Lack of understanding of the mechanisms involved in FSHD has impeded treatment development, a phase of research that generally moves forward after disease mechanisms have been described.

About FSHD

FSHD is a form of muscular dystrophy that preferentially affects the muscles of the face ("facio"), shoulder ("scapulo") and upper arm ("humeral"). Affecting both males and females, it usually begins by age 20 and progresses slowly.

Difficulty smiling and upper-body weakness are typical of FSHD. The development of treatments has been hampered by lack of understanding of the disease process. This new research finding provides important clues to this process.

The genetic cause, a missing stretch of DNA (DNA "deletion") on chromosome 4, has been known since the 1990s. But attempts to pin down the specific effects of the DNA deletion, such as by finding specific genes in or near the region that have been altered by it, has led to more confusion than answers.

About the new findings

The new findings, published in the July issue of Human Molecular Genetics, focus on a gene known as DUX4, located near the end of chromosome 4 in the same region that harbors the FSHD-causing DNA deletion.

MDA supported work done by Sara Winokur at the University of California-Irvine, Silvere van der Maarel at Leiden University Medical Center in the Netherlands, and Galina Filippova at the Fred Hutchinson Cancer Research Center in Seattle. Rabi Tawil, who co-directs the MDA clinic at the University of Rochester (N.Y.) Medical Center, was also on the study team.

The researchers built on many previous studies, many of which have suggested that the loss of a DNA on chromosome 4 releases a molecular brake, activating genes in or near the deletion-containing region that would otherwise be inactive. Much of the focus until now has been on inappropriate activation of a chromosome-4 gene called FRG1.

DUX4 has been previously investigated as a culprit in FSHD, and some researchers found it to be active, whereas others have believed it to be inactive.

The new research supports both positions. DUX4 is for the most part inactive, it seems. However, it now appears that in FSHD-affected cells, pieces of DUX4 DNA are activated. They're transcribed into RNA (the first step a cell takes when making a protein molecule from an activated stretch of DNA) and some of these RNA pieces can then be translated into protein molecules.

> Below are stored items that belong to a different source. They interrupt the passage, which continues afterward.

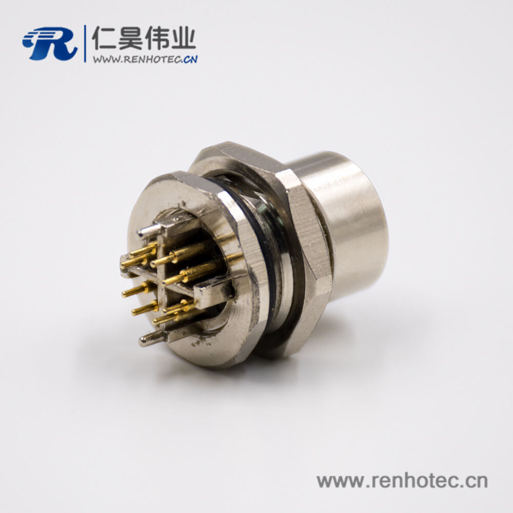 M12x扣直式8芯板端插座母头接PCB板传感器接插件
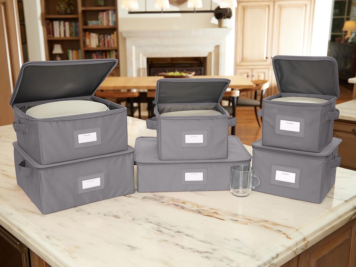 - STORAGE SIZE: 7 Piece Set - Includes 7 dish sizes: (1) 8W x 8D x 7H, (1) 10W x 10D x 7H, (1) 12W x 12D x 7H, (1) 14W x 14D x 7H, (1) china cup storage: 17W x 13D x 5H, (1) stemware storage: 15W x 12D x 10H, (1) flatware storage: 15W x 11D x 3H
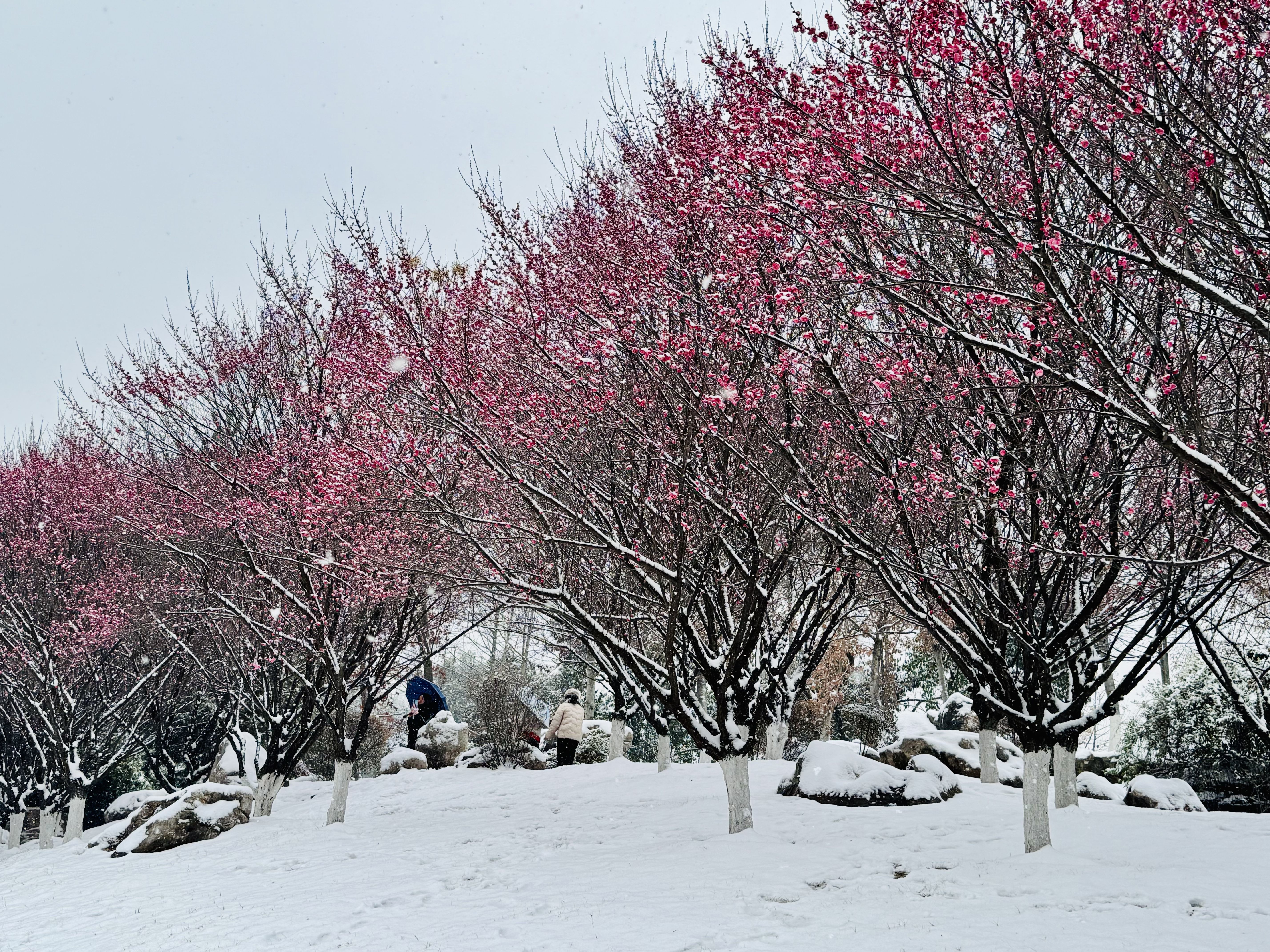 马鞍山森林公园的梅山是冬日赏雪佳处,占地40余亩的山坡上,1300余株梅花沿起伏地形分布,涵盖江梅、粉皮宫粉、变绿萼等20多个品种。雪后梅枝被白雪覆盖,低枝的梅朵簇拥在身旁,红、粉、白三色花瓣与积雪相映,形成层次丰富的雪景画卷。
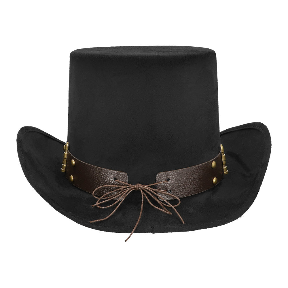 Completa il tuo look steampunk industriale con l'impressionante cappello Bulletpunk. Questo elegante cappello a cilindro ha un lussuoso aspetto scamosciato ed è rifinito con una robusta fascia in pelle ricca di dettagli metallici - tra cui un'aquila e borchie a forma di proiettile - per un look steampunk retro-futuristico inconfondibile. Grazie alla fascia interna elasticizzata, il cappello ha una vestibilità comoda e rimane in piedi durante qualsiasi festa.
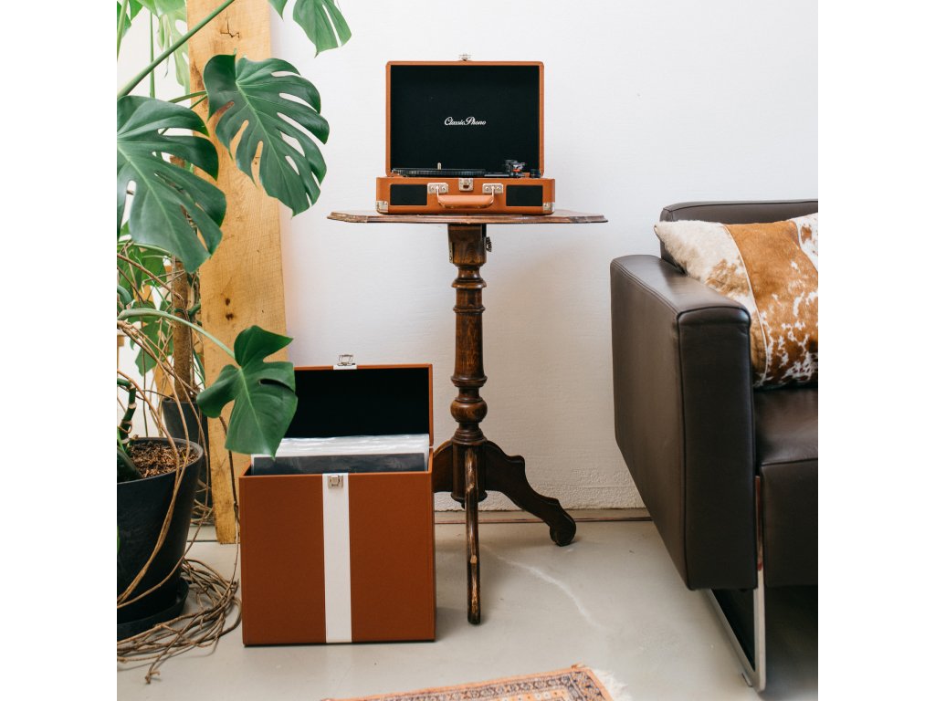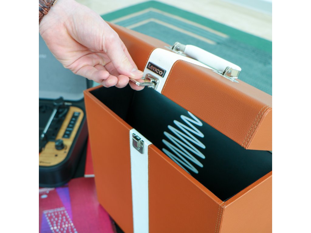 Abyste si svou sbírku vinylů mohli užívat co nejdéle, je důležité, abyste své desky správně skladovali. Úložný kufr Lenco TTA-300BNWH je vhodný pro uložení a přenášení až 30 LP desek. Toto pouzdro na desky v mátové barvě má design z umělé kůže, který je uprostřed zakončen proužkem na ozdobu. Vnitřek je zakončen měkkou plstí, takže vaše desky jsou v konečném důsledku chráněny. Rukojeť a uzávěr pouzdra jsou vyrobeny z kovu. Toto pouzdro na desky, které má stylový design, ale působí retro dojmem, je nezbytnou součástí výbavy každého nadšence do vinylů.
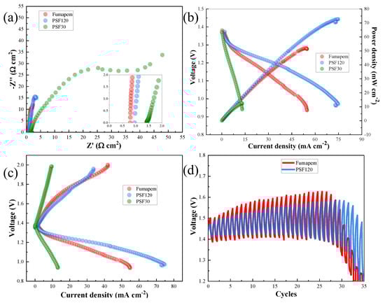 Nyquist plots (Figure 5a) revealed an increase in internal resistance in the ZABs when using the developed A-SPEs, primarily attributed to challenges in ion transverse transport across the membrane. Despite minor shifts toward higher resistances for the A-SPEs developed in this study, the measured battery resistance values indicated favorable interfacial interactions between the electrolyte and electrodes, which is a critical factor for functional device performance. Furthermore, the stable resistance values suggest successful cell assembly, achieved without precision tools, such as a torque wrench, highlighting the practicality of the proposed fabrication method. Notably, PSf120, with its high degree of functionalization, demonstrated a resistance value comparable to that of commercial A-SPE, underscoring its potential for scalable applications. This was further confirmed through cathodic linear polarization tests (Figure 5b), which showed poor performance for PSf30 and issues related to mixed control zones (between the activation and ohmic regions) for PSf120. Due to the higher ionic conductivity and KOH uptake values of PSf120, a current density of 74.58 mA cm−2 was achieved, representing a 42.43% increase compared to the commercial A-SPE.
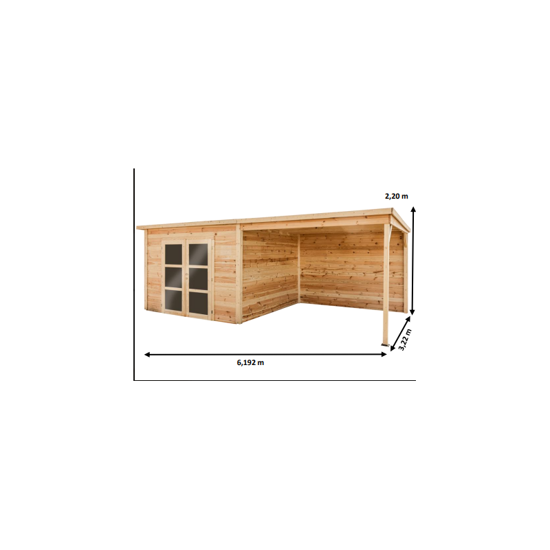 La Bahia Poolhouse con terrazza coperta e tetto piano in abete massello è una casetta da giardino realizzata in legno naturalmente durevole e resistente.
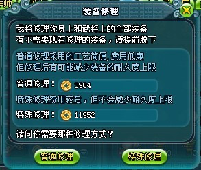 一、 普通修理价格便宜,但可能减少装备耐久度上限。
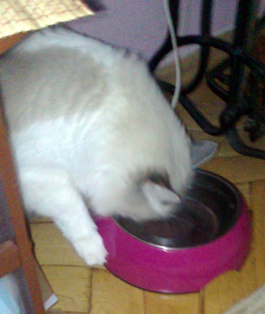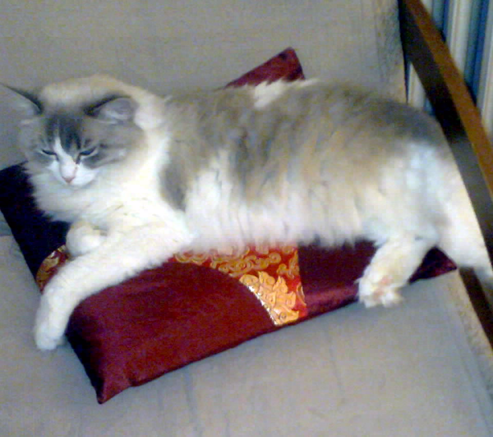 Po jídle dlouze pečuje o svůj zevnějšek, a když je se svým vzhledem spokojená, jde mezi své lidi, nechá se obdivovat a náležitě pomazlit. Pak projeví zájem o hry, nejlepší je honba za malým míčkem (ale musíte jí ho aportovat) nebo za provázkem. To se hezky proběhne a udělá tak zadost své linii. Uondána se schoulí do křesla nebo je tak hodná, že mi křeslo laskavě přenechá a odejde do svého proutěného, náležitě vystlaného, apartmá, kde spokojeně usne.
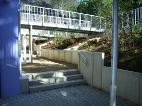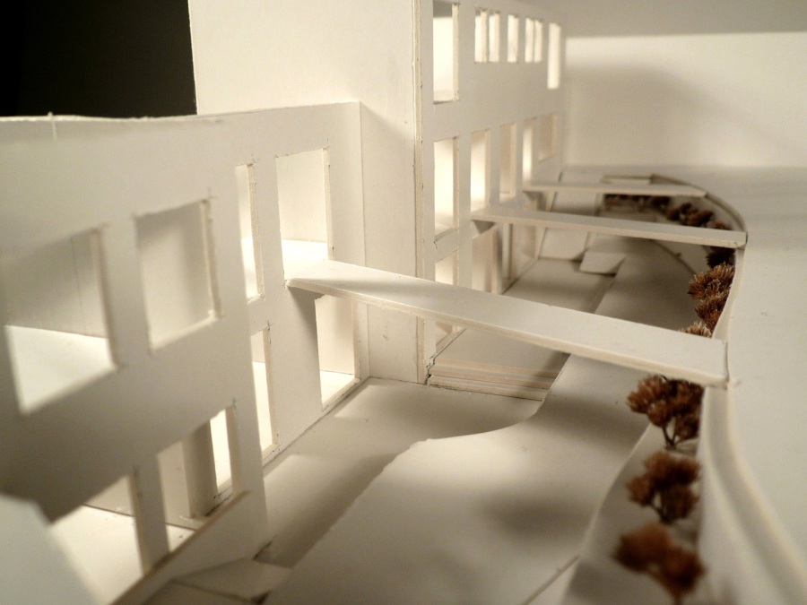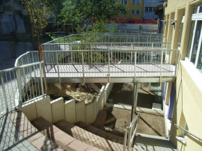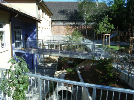 Statt 'Keller-Lichtschachtatmosphäre' entstehen helle Untergeschossräume mit Außenraum. Dafür waren Stege aus den 3 Gruppenräumen im Erdgeschoss über den Tiefhof ins Freie zu führen.
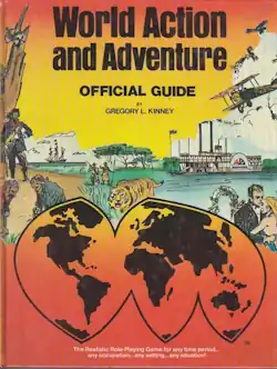 World Action and Adventure was designed by Gregory L. Kinney as a college project that earned him five course credits.[2] It was play-tested by friends and relatives including his grandparents,[2] and published by the M.S. Kinney Corporation in 1985 as a boxed set containing a 160-page hardcover book, a cardstock screen, a packet of blank forms, a small pad of character sheets, and dice.[1] Several supplements were published the same year including Book of Animals and Geography (1985) and Actor's Book of Characters. Ads that appeared in games magazines that year offered a reward of $50 to the first 100 players who sent in the description of a scenario that had been designed and played by at least four players using at least ten tables or charts during play.[3]
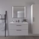 De brede lyskanter i spejlfladen har en behagelig varm hvid farvetone, som giver dig det perfekte lys til tiden du bruger foran spejlet på badeværelset.
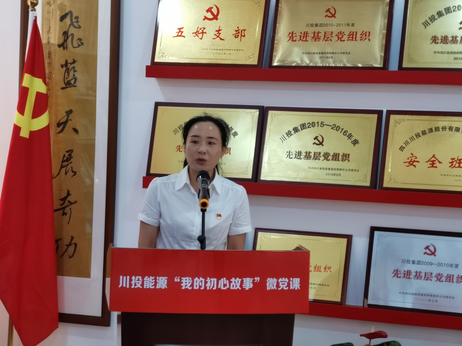 在魏华宣读评分细则后,微党课巡讲正式拉开帷幕。来自川投电力脚基坪党支部的李彦瑾讲授的《强基固本打基础,企地共建留脚印》,让我们惊叹于把党课课堂搬到农户、把工作干到田间地头,甚至跨界政府、央企、国企和民企的企地共建新探索新模式;槽渔滩公司党员鲜跃红在《重温创业史奋进新征程》中展示了槽电人、槽电景,阐释了槽渔滩建设者们在艰苦创业和脱贫攻坚中薪火相传、历久弥新的“槽电精神”底蕴;攀水电公司李杰讲授的《追梦赤子心》分享了他从一名西藏边防线老兵到川投纪检战线一名新兵的心路历程,家事、国事,战场、职场,他以自己的实际行动践行着“川投人,心向阳光,干净担当;建银江,廉洁尽责,一路芬芳”;来自能源本部的马庚以《初心向党志报国 田间地头谱春秋》重温了川投人携手金口河彝汉儿女披荆斩棘,助力贫困山区实现脱贫“蝶变”奇迹的燃情岁月;交大光芒党群工作部郭雨彤讲授的《“榜样”引领“我们”前行》,则从身边平凡岗位的平凡人身上,挖掘出了他们在默默奉献中践行誓言、于危难时刻敬业担当的不平凡事;天彭电力党员罗丽带来的《“站友”力量 润物无声》,让特殊成长经历孕育出的公司“站友”党建文化,因其在领航聚力旗帜、传承弘扬精神、丰盈群众文化方面的无穷力量,彰显出独具特色、内涵丰富、生机勃勃的文化底蕴。
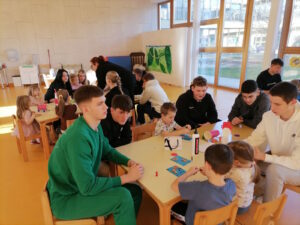 U vrtiću su učenici s vrtićancima sudjelovali u kreativnoj radionici izrade božićnih čestitki, koje će biti poslane partnerima projekta u Rumunjsku, Grčku i Litvu. Također, zajednički su izrađivali ukrase od recikliranog kartona za božićno drvce. Vrhunac radionice bilo je zajedničko ukrašavanje božićnog drvca u glavnom holu zgrade dječjega vrtića, koje je unijelo posebno blagdansko ozračje u vrtić.

One of the protein molecules made from the partially activated DUX4 gene was found to interfere with muscle development in cells in the laboratory. Other protein and RNA molecules from the abnormally activated DUX4 gene could have toxic effects as well, the researchers say. Therefore, any of them have the potential to become targets for therapeutic development.

Meaning for patients

There is no immediate potential for treatment from the new findings. However, if blocking or destroying one or more of the toxic pieces of RNA or protein improves or stabilizes weakness in an animal model of FSHD, a biotechnology company could become interested in developing the concept into a drug for human use. MDA supports this kind of drug development through its MDA Venture Philanthropy program (MVP).

If someone in your family has FSHD, you can help speed research by joining the National Registry of Myotonic Dystrophy & FSHD Patients and Family Members. This registry, supported by the National Institutes of Health and administered by the University of Rochester (N.Y.) Medical Center, connects patients with investigators.